Income management (IM) was introduced in Australia in 2007 as part of the former Australian Government’s Northern Territory Emergency Response (NTER). It has since been expanded to include young people and other groups considered ‘welfare dependent’ under trials in several states and territories. IM quarantines a proportion of social security payments, including income support payments such as Australia’s Newstart Allowance and Family Tax Benefits. Money in a special account cannot be withdrawn as cash, and cannot be used to purchase prohibited goods and services such as alcohol, illicit drugs, gambling products and pornography. Policy specifics vary, but the proportion of income payments quarantined is generally 50%-80%.
In Australia, IM was officially introduced to help protect children from abuse and neglect, and women from financial and physical violence in the Northern Territory. The policy targeted Aboriginal communities. Since its introduction, decreasing so-called ‘welfare dependence’ and increasing employment participation have also often been cited as social and economic goals of IM (Deloitte Access Economics 2015; Mendes 2013; Mendes, Waugh and Flynn 2014). While successive Federal Governments have claimed success in meeting these varied goals, it is not possible to determine from existing evaluations whether reported social benefits have been due to IM or other programs and factors. Further, existing evaluations have raised significant concerns regarding the capacity of IM policies to meet their stated objectives and there have been a range of issues identified with implementation problems and the material and non-material effects of the policy. Despite these concerns, IM continues to be expanded to additional geographical areas across Australia (Cox 2015; Humpage 2016; Mendes 2018; Bielefeld 2014, 2015, 2018a).

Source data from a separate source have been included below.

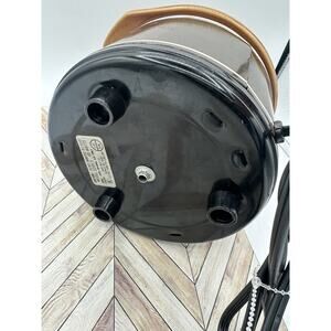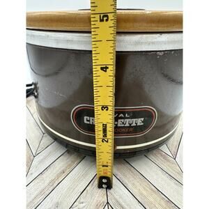 The stoneware pot is often brown, and the exterior casing may have a faux wood grain finish.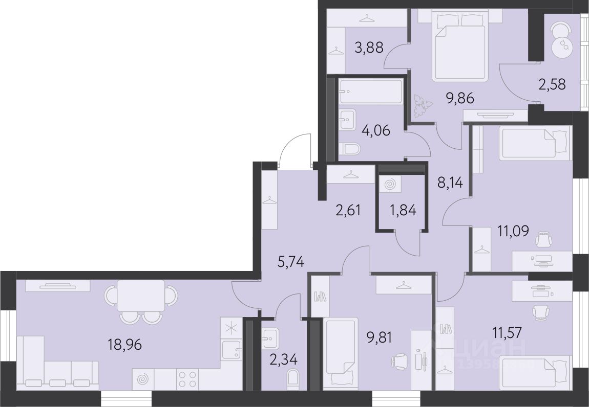 Общая площадь91,19 м²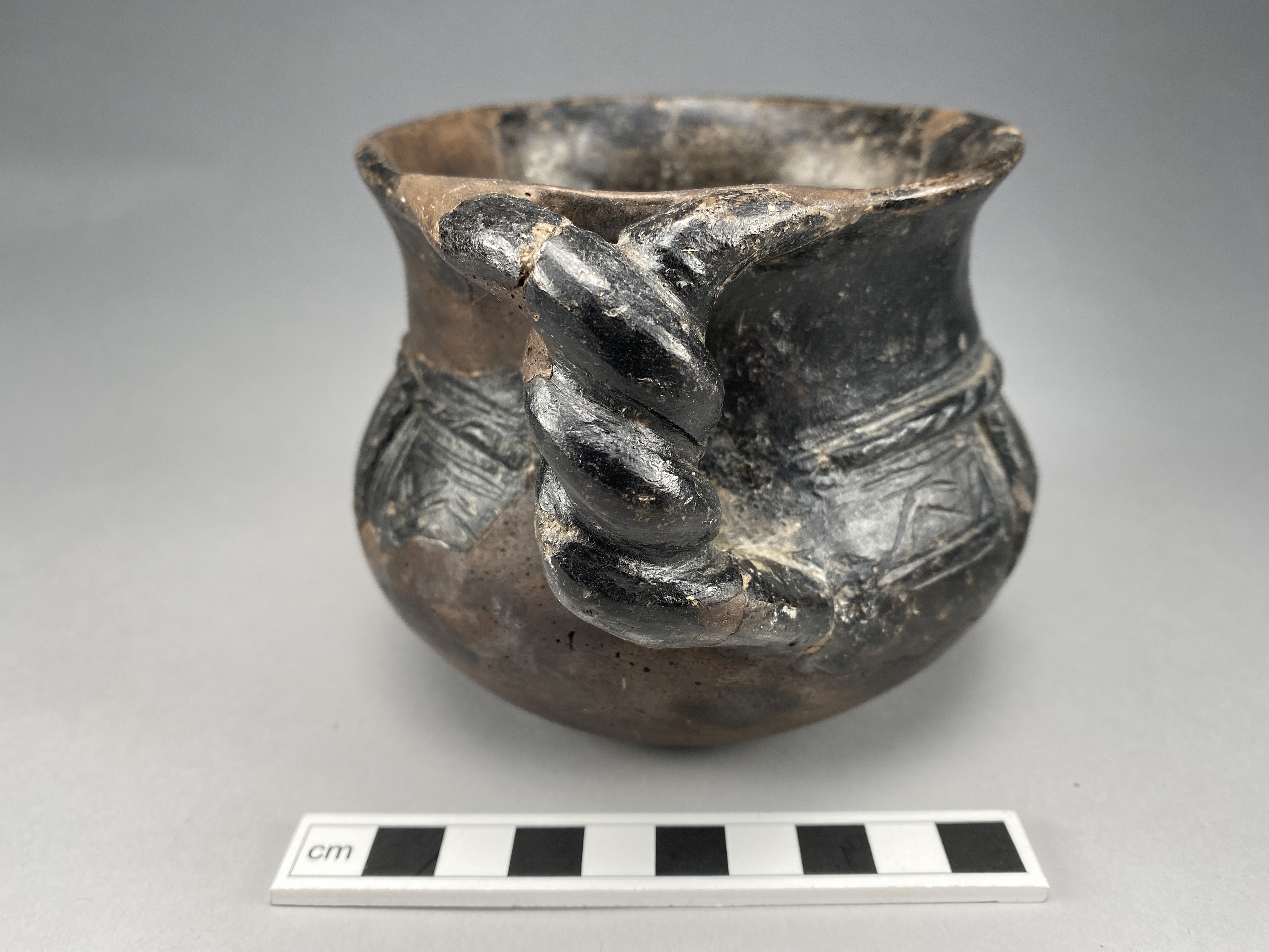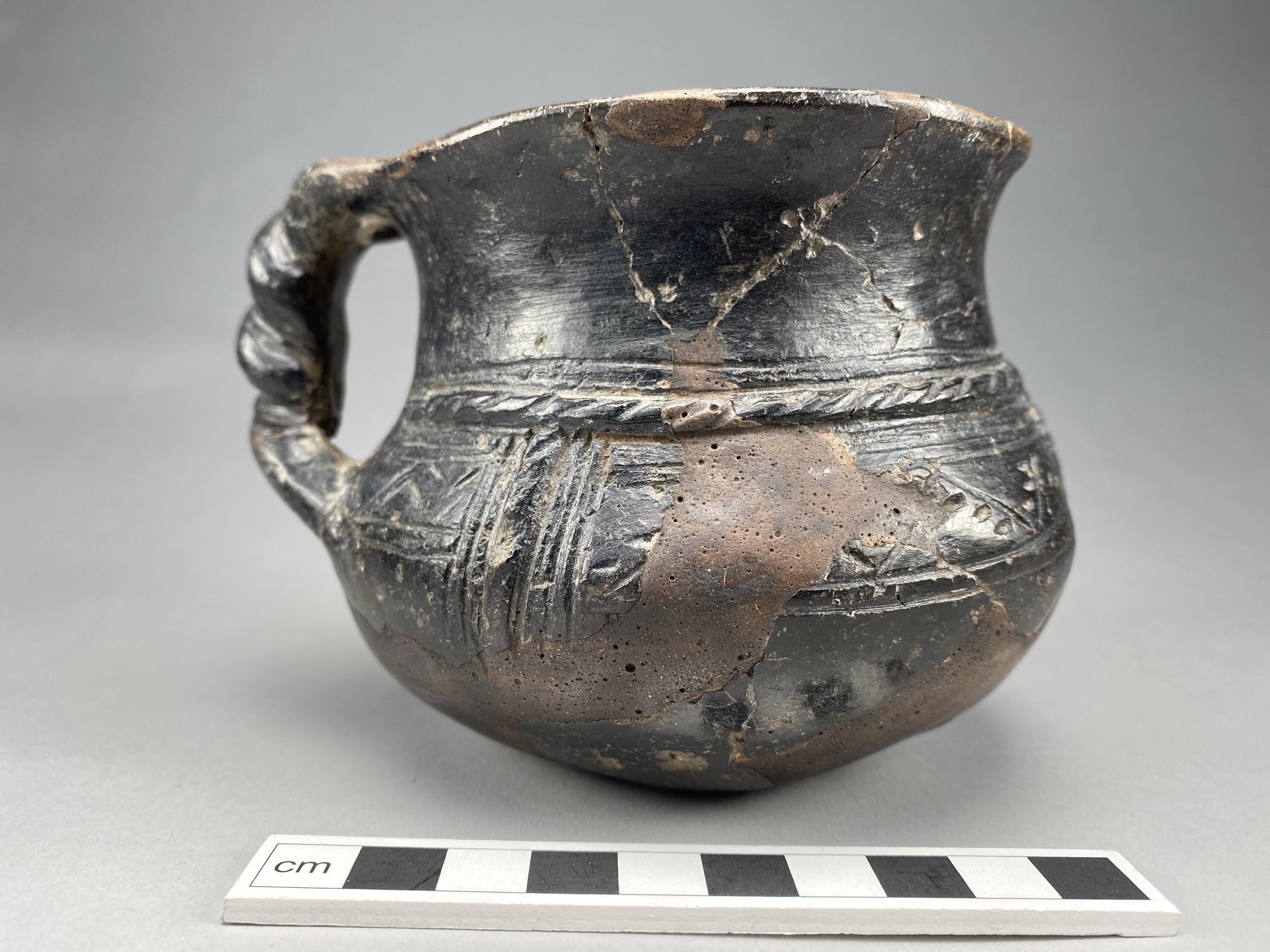 "Elaborated ware". Hänkelkärl med inristad dekor och repstavsvulster. Hänkeln är flätad av två runda korvar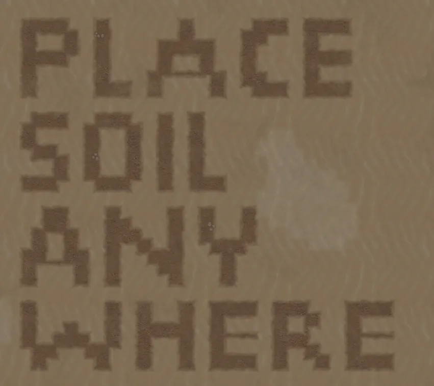With this mod with the right research you can lay down an area of soil on surfaces such as stone, sand and even rich soil (if you want that for some reason). You cant place soil on water or mud though. Created as a commission

The inconclusive evidence-base for compulsory IM schemes suggest that an independent study is well overdue. In particular, more research is needed into social security recipients’ lived experiences of IM, as the voices of those directly impacted by these policies have frequently been lost or ignored in the debate about the costs and benefits of IM. It is important to distinguish between compulsory income management (CIM) and voluntary income management (VIM) for the purpose of this report, as participants in both the compulsory and the voluntary schemes participated in the study. The differences in their experience of IM is one of the issues explored in the report.